# About commutators and center o a certain group

Let $G$ be a group and $H, K\unlhd\ G$ (normal subgroups), with $K\leq H$ such that $\left[H, Aut(G)\right]\leq K$. Why does this imply that $H/K\leq Z(G/K)$? $Z(G)$ denotes the center of $G$.
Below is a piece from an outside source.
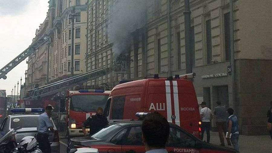 Жилой дом XIX века загорелся на Тверской улице в Москве

• What do you mean by $[H,Aut(G)]$? Where is this commutator taken? – Tobias Kildetoft May 8 '13 at 16:45
• An element in $[H, Aut(G)]$ is described by $h^{-1}h^\alpha$ where $h\in H$, $\alpha\in Aut(G)$ and $h^\alpha$ is the image of $h$ by the automorfism $\alpha$. – graozovsky May 8 '13 at 17:14
• Hint: Consider the automorphism $\varphi_g$ of $G$ that conjugates by some fixed $g\in G$. The fact that $[H,\varphi_g]\leq K$ then tells you what? – Tobias Kildetoft May 8 '13 at 17:23
• I've seen it. Thanks! – graozovsky May 8 '13 at 17:26

We know that for all $\varphi\in\rm{Aut}(G)$ and all $h\in H$ we have $h^{-1}\varphi(h)\in K$. In particular, this holds for the automorphisms $\varphi_g$ given by $\varphi_g(x) = g^{-1}xg$ (for $g\in G$).
Thus, we have that for all $h\in H$ and $g\in G$, $h^{-1}\varphi_g(h) = h^{-1}g^{-1}hg = [h,g]\in K$ which precisely means that $H/K\leq Z(G/K)$.